"I recently suffered a loss of personal property in my home. The settlement I received from my insurance company wasn’t near the full amount to replace the items. Why was that?"
The first reason could be the valuation method used for insuring the contents of your home. Many home owners’ policies cover the home on a replacement cost basis, but the contents on an “actual cash value” basis. That means that depreciation is taken into account when claim settlement is made.
If that isn’t the case, and replacement cost is being used, let’s look at a common assumption many insurance purchasers make. The home owners’ policy reflects coverage for personal property at a limit equal to 75% of the home’s insured value. The incorrect assumption is that the check will be cut for that amount. That is incorrect.
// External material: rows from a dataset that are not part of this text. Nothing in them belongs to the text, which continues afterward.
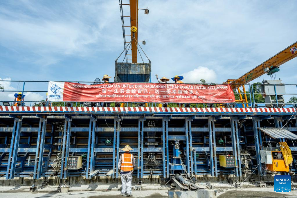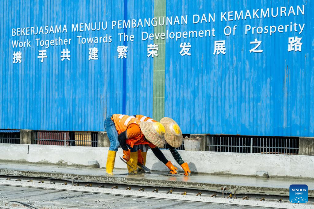 KUALA LUMPUR, May 4 (Xinhua) -- Under the scorching sun in Malaysia, the construction work of the East Coast Rail Link (ECRL), a major infrastructure project under the Belt and Road Initiative (BRI), was in full swing.
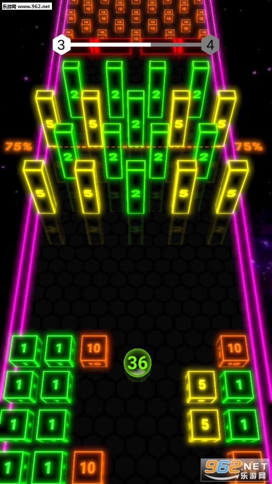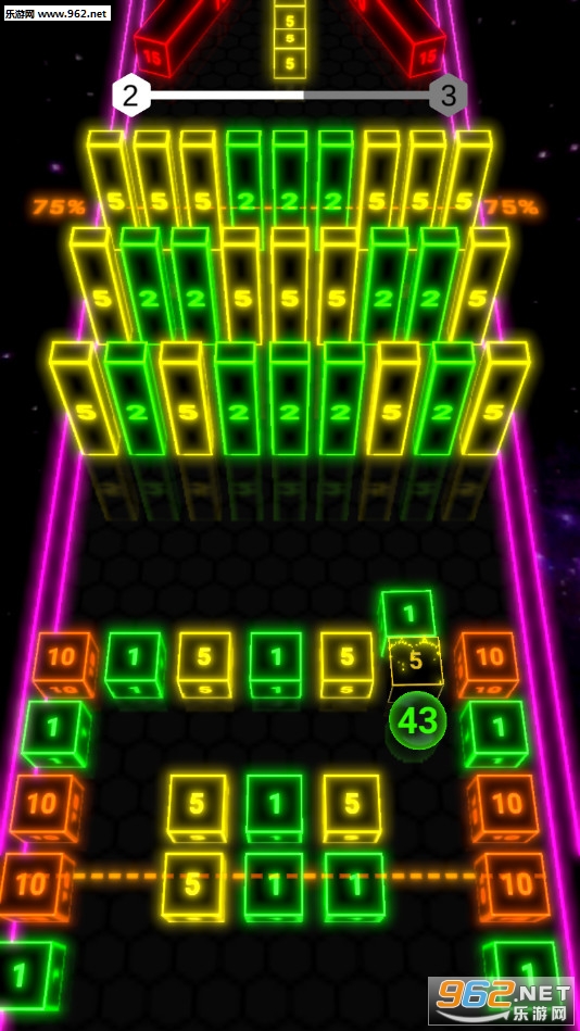 《积木霓虹灯游戏》是一款霓虹色彩的移动闯关手游,游戏中玩家将控制一个数字圆球冒险,前方有着众多的数字障碍物,注意圆球撞上障碍物之后会消减障碍物上面的数值,如果圆球的数值被消减到零挑战就结束了,玩家的任务就是让圆球在变成零之前到达终点。
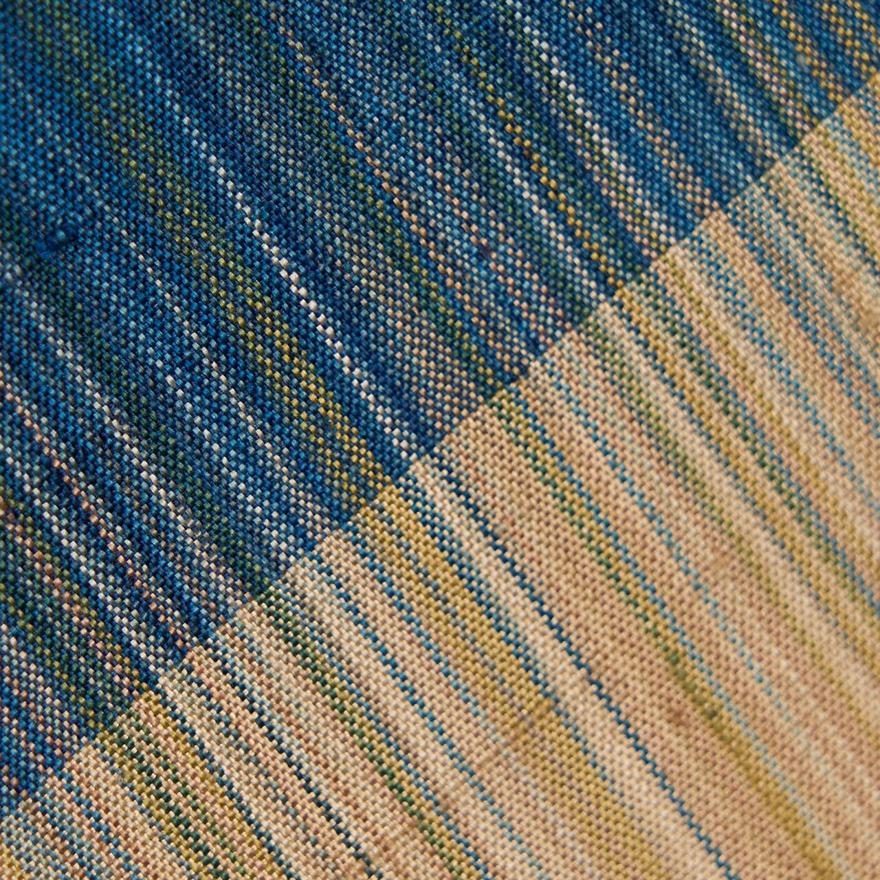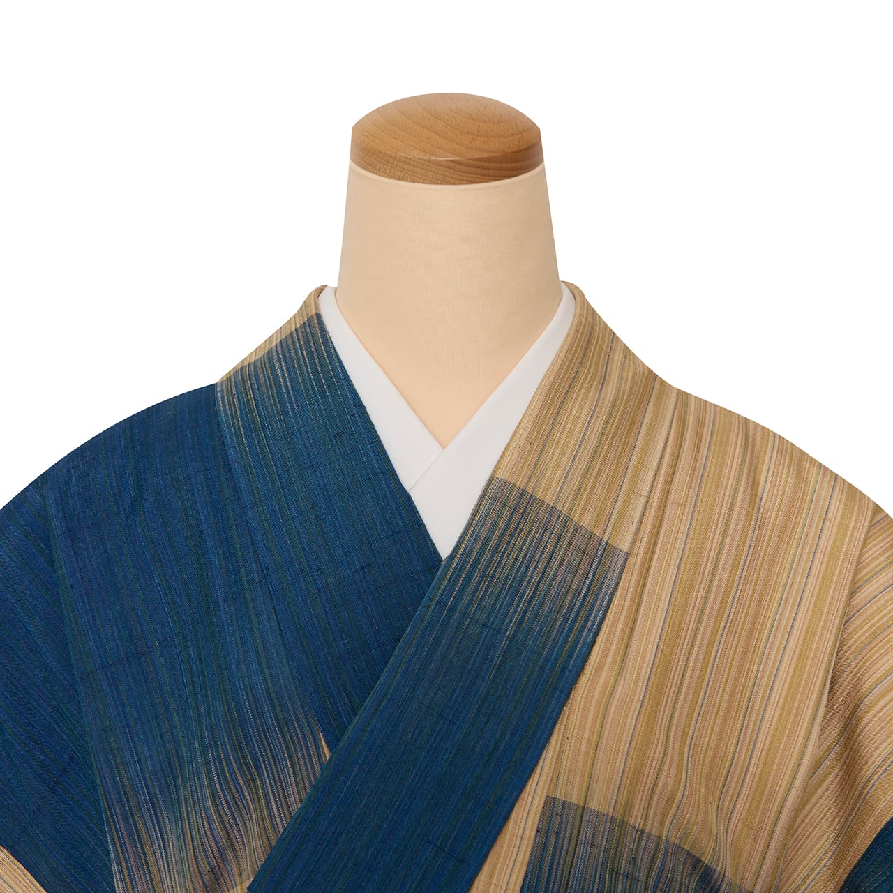 座繰りで引かれた風合いの良い糸が草木で染められて、ニュアンスのある縞模様を織り成していて、それに交差するように取られた藍色の段は、経糸の絣の足にまたとても味わいが感じられて、キッパリとした色使いでありながらも柔らかい印象もあるものとなっています。
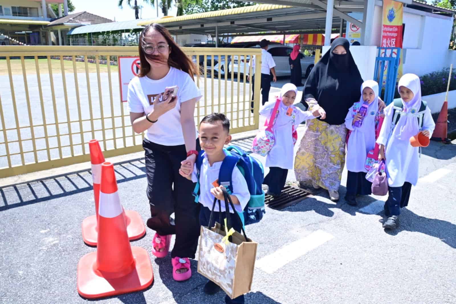 Parent Nurkhalidah Mohd Alladin, 34, said her son, Thaqif Eshan Rostam, was excited on his first day of school and woke up as early as 6.30am. The family lives in Bukit Kecil, Sungai Pinang, not far from the school.
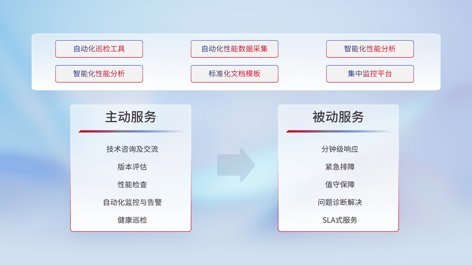 智能化工具和标准化文档,,保障服务质量,,,,提供主动服务(包含技术咨询、、、、版本评估、、、性能检查、、、自动化监控与告警、、、、健康巡检)和被动服务包含(分钟级响应、、、、紧急排障、、、值守保障、、、问题诊断解决、、、SLA服务)。。。
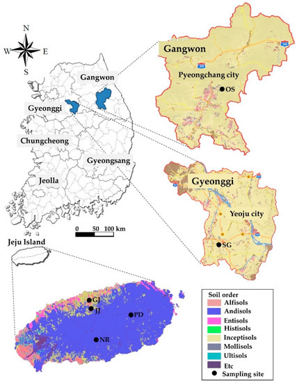 Map of the study area with soil sampling locations in Jeju Island [Andisols: Noro (NR) and Pyeongdae (PD), Ultisols: Jeju (JJ), Alfisols: Gangjeong (GJ)] and in Korean mainland forest soils [Inceptisols: Samgag (SG) and Oesan (OS)].
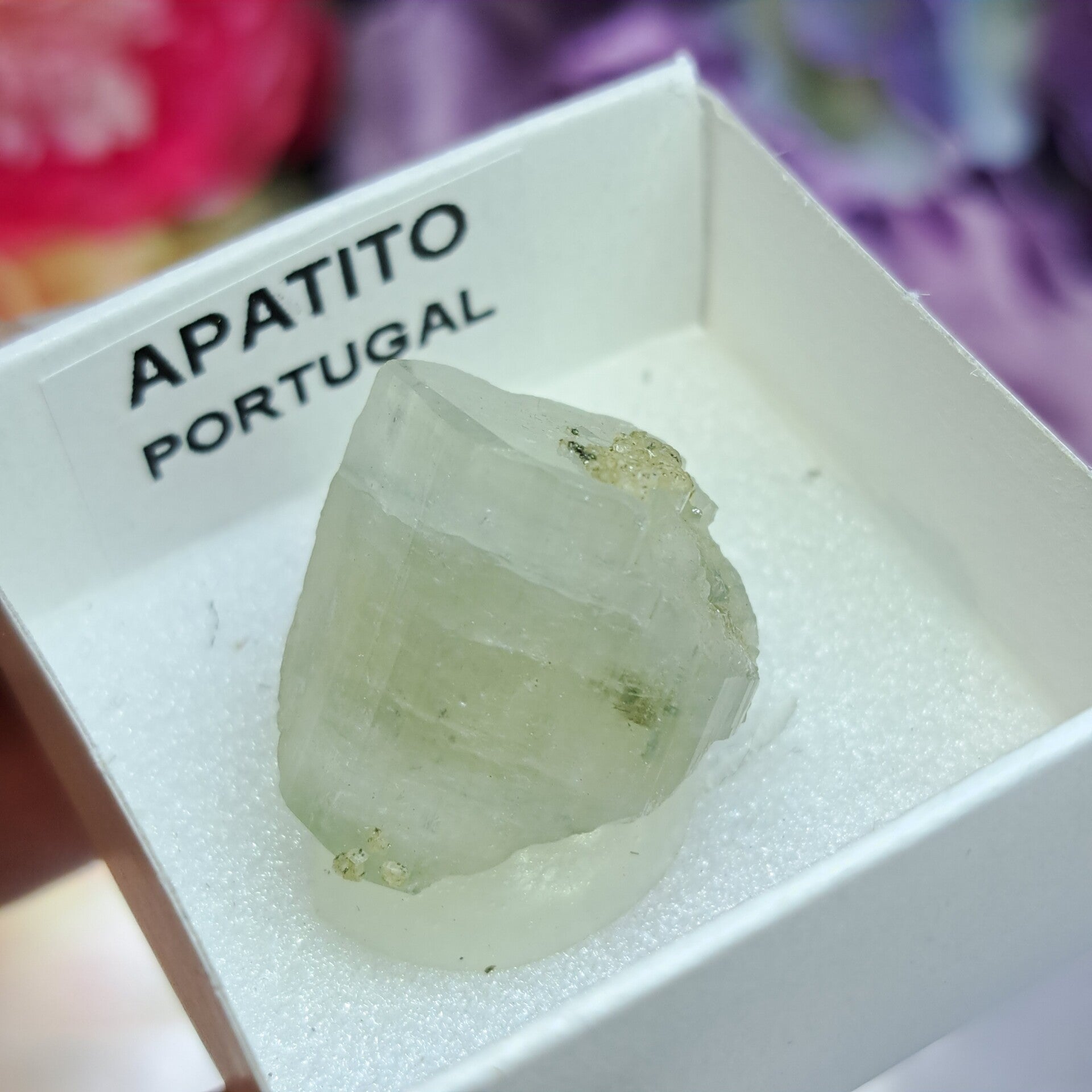 Wat een toffe ruwe clustertjes! Dit groene apatiet kristal cluster komt uit de Panasqueira Mijn in Portugal en komt inclusief het kartonnen verzameldoosje (4x4cm).

The insurance company will only pay for actual loss, the limit is just used as a rating cap during premium calculation. In order to determine what you will receive as payment, let’s look at the duties after a loss. The one most specifically relating to your question is:
“Prepare an inventory of damaged personal property showing the quantity, description, actual cash value, and amount of loss. Attach all bills, receipts and related documents that justify the figures in the inventory.” Failure to provide this inventory can result in absolving the company of paying any of the loss. It is highly encouraged that this inventory be completed PRIOR to the loss, and stored with any documentation in a fire proof safe, or away from your home or business.
If you have provided an inventory and the payment is less than the amount you turned in, documentation may be the key. Again, preparation in advance of the event would help in this situation.